9. Cookies and Tracking
Our website uses cookies to enhance your browsing experience and provide relevant services:
Types of Cookies We Use
- Essential Cookies: Required for basic website functionality
- Functional Cookies: Remember your preferences and improve usability
- Analytics Cookies: Help us understand website usage (with your consent)
- Marketing Cookies: Enable targeted advertising (with your consent)
You can manage your cookie preferences through your browser settings or our cookie consent tool. Disabling certain cookies may affect website functionality. For more information, see our Cookie Policy.
10. Third-Party Services
We use carefully selected third-party services to enhance our operations:
- Google Analytics: Website usage analysis (anonymized data)
- Email Marketing Platforms: For newsletter and marketing communications
- CRM Systems: For customer relationship management
- Payment Processors: For secure transaction processing
- Cloud Storage: For secure data backup and accessibility
All third-party providers are carefully vetted and must meet our data protection standards through contractual agreements.
11. International Data Transfers
We primarily process data within the UK and EU. When international transfers are necessary:
- We ensure adequate protection through adequacy decisions or appropriate safeguards
- We use Standard Contractual Clauses approved by the UK authorities
- We conduct transfer risk assessments
- We obtain your explicit consent where required
12. Children's Privacy
Our services are intended for adults and property owners. We do not knowingly collect personal information from children under 16. If we become aware that we have collected such information, we will delete it promptly.

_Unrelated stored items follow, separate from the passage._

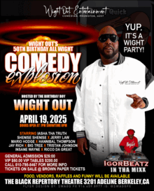 Wight Out Ent presents Wight Outs 50th Birthday All White Comedy Explosion Saturday April 19th 2025 at The Black Repertory Theatre 3201 Adeline Berkeley,Ca doors open at 7pm showtime 8pm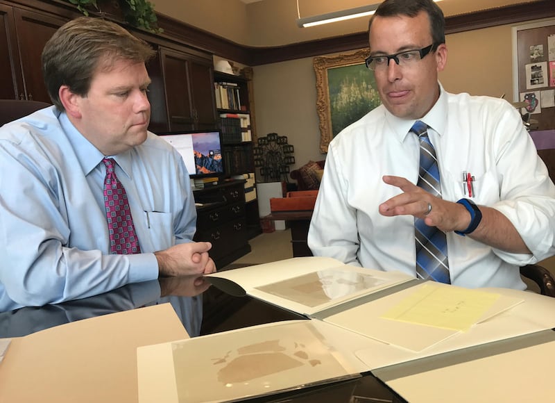 Latter-day Saints believe Joseph Smith translated the Book of Mormon with divine power, dictating the words of the ancient book to various scribes over several months before publication in 1830. With leafs and fragments of the original manuscript in protective sheets and spread out on a table, Neilson and Jensen spoke of the manuscript's provenance and the forthcoming project.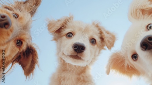 Playful puppies looking down together against a clear blue sky

13. Changes to This Policy
We may update this Privacy Policy to reflect changes in our practices, services, or legal requirements. When we make significant changes:
- We'll notify you by email if you're an active client
- We'll post the updated policy on our website with a new "Last Updated" date
- We'll highlight significant changes in our communications
Continued use of our services after changes indicates acceptance of the updated policy.